Members of the control group were instructed not to make any lifestyle changes during the 20-week trial.

The intervention group participated in an intensive lifestyle programme with four components:

1. A whole-foods, minimally processed plant-based diet low in harmful fats, refined carbohydrates, alcohol and sweeteners

2. Moderate aerobic exercise and strength training for at least 30 minutes per day

3. Stress management, including meditation, stretching, breathing and imagery, for one hour per day

4. Support groups for patients and their spouses or study partners, for one hour three times per week.

To measure pre- and post-trial cognitive function, the researchers utilised four standard tests used in FDA drug trials: the Alzheimer’s Disease Assessment Scale–Cognitive Subscale (ADAS-Cog), Clinical Global Impression of Change (CGIC), Clinical Dementia Rating–Sum of Boxes (CDR-SB) and Clinical Dementia Rating Global (CDR-G).

Results after 20 weeks showed overall statistically significant differences between the intervention group and the randomised control group in cognition and function in three of these measures (CGIC, p = 0.001; CDR-SB, p = 0.032; CDR-G, p = 0.037), and differences of borderline significance in the fourth test (ADAS-Cog, p = 0.053).

When a mathematical outlier was excluded, all four measures showed significant differences in cognition and function in the experimental group.

Three of these measures showed improvement in cognition and function in the intervention group and one test showed significantly less disease progression.

In contrast, the randomised control group worsened in all four of these measures.

Not all patients in the intervention group improved; in the CGIC test, 71 per cent improved or were unchanged. In contrast, none of the patients in the control group improved, eight were unchanged and 17 (68 per cent) worsened.

Many patients who experienced improvement reported regaining lost cognition and function.

For example, several patients in the intervention group reported that they had been unable to read a book or watch a film because they kept forgetting what they had just read or viewed and had to keep starting over, but now they were able to do so and retain most of this information.

One individual reported that it used to take him weeks to finish reading a book, but after participating in the study he was able to do so in only three or four days and was able to remember most of what he read.

There was a statistically significant dose-response correlation between the degree of lifestyle changes in both groups and the degree of change in most measures of cognition and function testing.

In short, the more these patients changed their lifestyle in the prescribed ways, the greater was the beneficial impact on their cognition and function.

In addition to improvements in cognition and function, the intervention group also demonstrated significant improvements in several key blood-based biomarkers.

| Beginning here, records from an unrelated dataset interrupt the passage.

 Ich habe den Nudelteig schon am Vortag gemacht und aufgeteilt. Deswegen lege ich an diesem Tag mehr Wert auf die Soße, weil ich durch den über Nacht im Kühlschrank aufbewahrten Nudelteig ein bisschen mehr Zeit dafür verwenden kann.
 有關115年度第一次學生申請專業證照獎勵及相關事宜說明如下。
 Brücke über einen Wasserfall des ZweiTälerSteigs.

One of the most clinically relevant biomarkers is called the Aβ42/40 ratio, which is a measure of amyloid, thought to be an important mechanism in Alzheimer’s disease.

This measure improved in the lifestyle intervention group (with the presumption that this improvement reflected amyloid moving out of the brain and into the blood), but it worsened in the randomized control group, and these differences were statistically significant.

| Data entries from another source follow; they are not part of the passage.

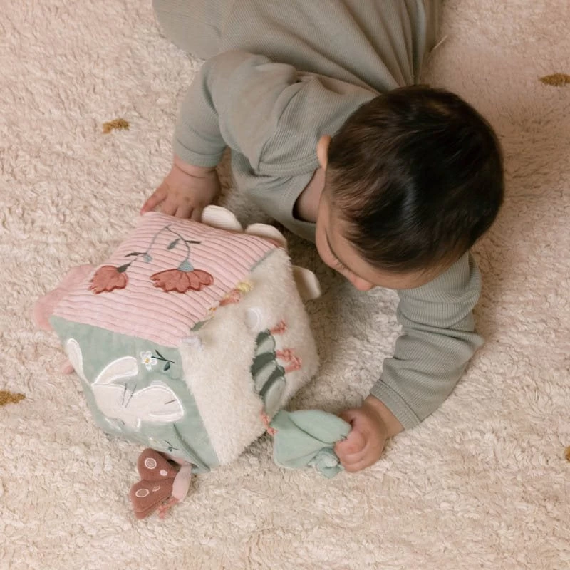 On an adventure in nature with Abby the bird and her friends. This super soft activity cube in cheerful shades is sure to arouse your little one’s curiosity. Each side features a different activity with different textures and shapes that help develop the senses and, of course, provide endless entertainment. The cube can be gripped and turned and has a flowery mirror for self-discovery.
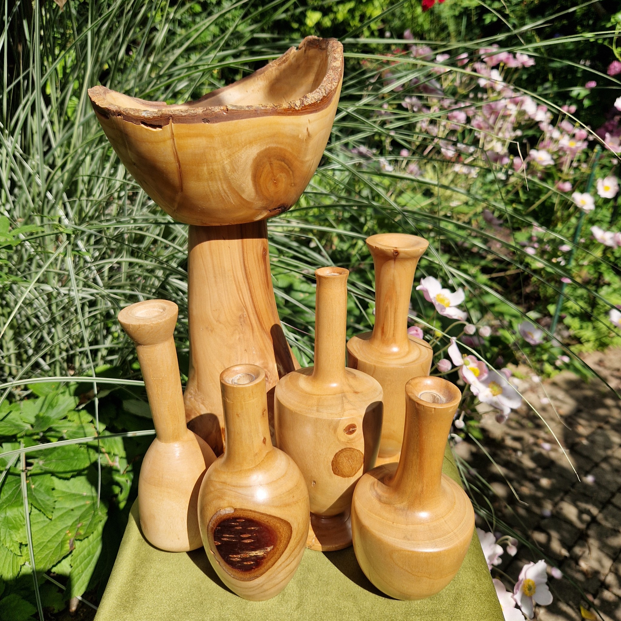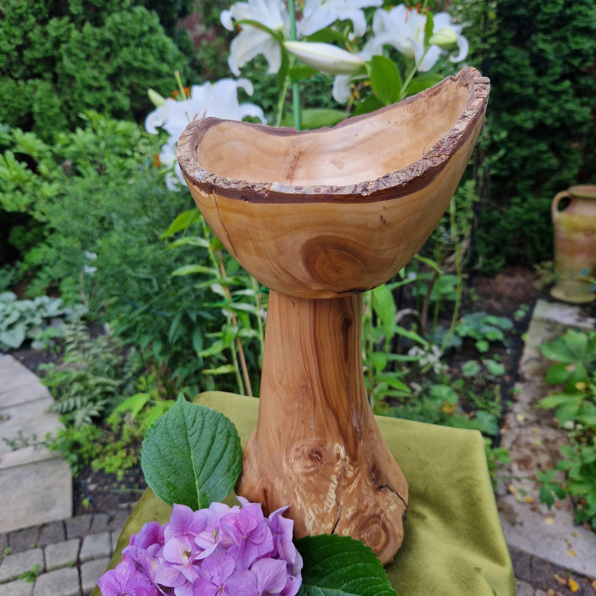 Our asymmetric wood chalice or goblet channels that same mythic spirit. Shaped in the wabi-sabi tradition, it honours natural form and imperfection. The bowl retains its bark edge, rising unevenly like a windswept crest. The stem leans off-centre, forming a soft, organic arc. The base holds knots, cracks, and bark—marks of the living tree. Crafted from dense fruitwood, the chalice feels solid, stable, and full of character.
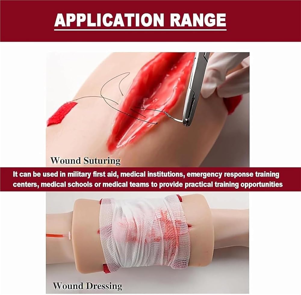 Realistic simulation: The cut wound dressing trainer simulates the real appearance and characteristics of knife wounds, creating a real training scenario for simulating wound treatment and hemostasis training.
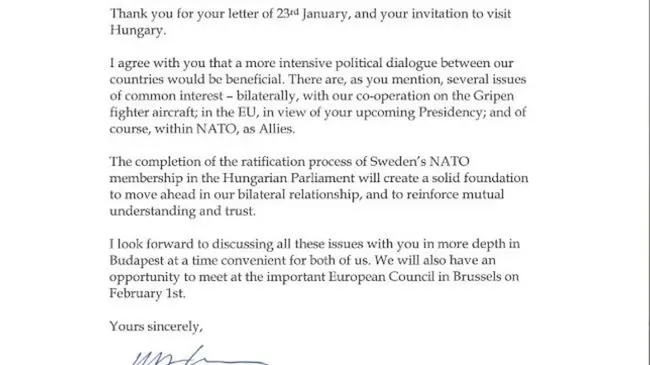 Svédország állami televíziója osztotta meg a svéd miniszterelnök, Ulf Kristersson válaszát arra, hogy Orbán Viktor meghívta Magyarországra azzal a céllal, hogy a felek megtárgyalják a skandináv állam NATO-csatlakozásának kérdését – számolt be róla a Mandiner.

There was also a statistically significant dose-response correlation between the degree of lifestyle change and the degree of improvement in this amyloid ratio (p = 0.035).

This direction of change in amyloid was also a major finding with lecanemab, a drug approved for treating Alzheimer’s disease last year.

Also, the gut microbiome in the intervention group showed a significant decrease in organisms that raise the risk of Alzheimer’s disease and an increase in organisms that are protective against Alzheimer’s disease.